We excluded studies describing the ABF process, studies focusing on ABF refinement or studies costing hospital services. Studies focusing on ABF impacts outside the acute hospital setting were not included. Additionally, studies that were based on examining ABF impacts in the U.S. were excluded, and studies that were not peer-reviewed research articles were also excluded. Conference abstracts and theoretical descriptive studies were also excluded.

The full inclusion and exclusion criteria with refinements from the study protocol can be found in Additional file 1: Appendix 2.

Data-charting process

Study characteristics and data were agreed upon among the authors, and extracted in a Microsoft Excel data charting form by the first author. The data extraction included the following study characteristics: authors, year, country, analytical methodology, comparison group, and outcome measures.

Results

Study selection

A total of 1037 references were retrieved from the included databases (Fig. 1). After exclusion of duplicates, and other ineligible sources, 654 titles and abstracts were screened for eligibility, and 159 full texts screened after.

Fig. 1
figure 1

Preferred Reporting Items for Systematic Reviews and Meta-Analyses (PRISMA) Flowchart

Study characteristics

We identified a total of 19 studies which met our eligibility criteria (Additional file 1: Appendix 2). Of our included studies, four were conducted in England [30, 34, 39, 40], three each in Korea [41,42,43] and Norway [33, 44, 45], and one each in Portugal [46], Israel [47], the Netherlands [48], Canada [49], Italy [50], Japan [51], Belgium [52], China [53], and Austria [54]. Most studies were published after 2010 [30, 33, 34, 39, 41,42,43, 45, 48,49,50,51, 53], and six were published before 2010 [40, 44, 46, 47, 52, 54]. All included studies used quantitative methodology for data analysis, in their assessment of ABF impacts (see Table 2 and Additional file 1: Appendix 3).

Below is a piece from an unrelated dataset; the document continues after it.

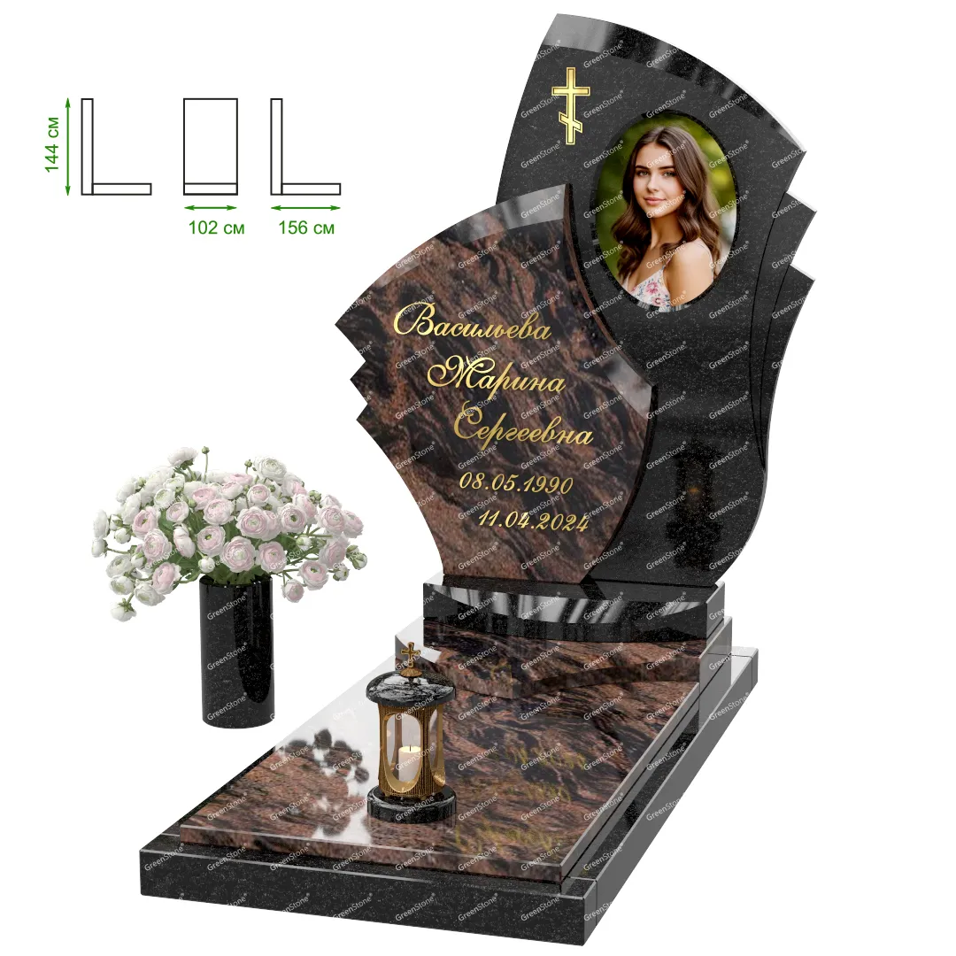 Визуально комплекс отличается от типовой формы не только формой, но и размерами. Массивная стела позволяет дизайнеру реализовать практически любые задумки и пожелания Заказчика, придать готовому изделию солидный вид, раскрыть все достоинства использованного в его изготовлении гранита. Такой габаритный памятник требует профессиональной доставки и установки. Все это также можно заказать в мастерской Грин-Стоун.

Table 2 Analytical Methods used in order from early to most recent year of publication

There was variation between the number of years of data that was analysed. Four studies analysed data over a 3 year period [39, 46,47,48], three studies analysed 7 years of data [33, 34, 44], two each analysed 8 years [51, 52], 6 years [50, 53], 4 years [40, 45], and 1 year [41, 42]. The remaining studies analysed data over 2 years [43], 9 years [30], 10 years [49] and 14 years [54] (Additional file 1: Appendix 3).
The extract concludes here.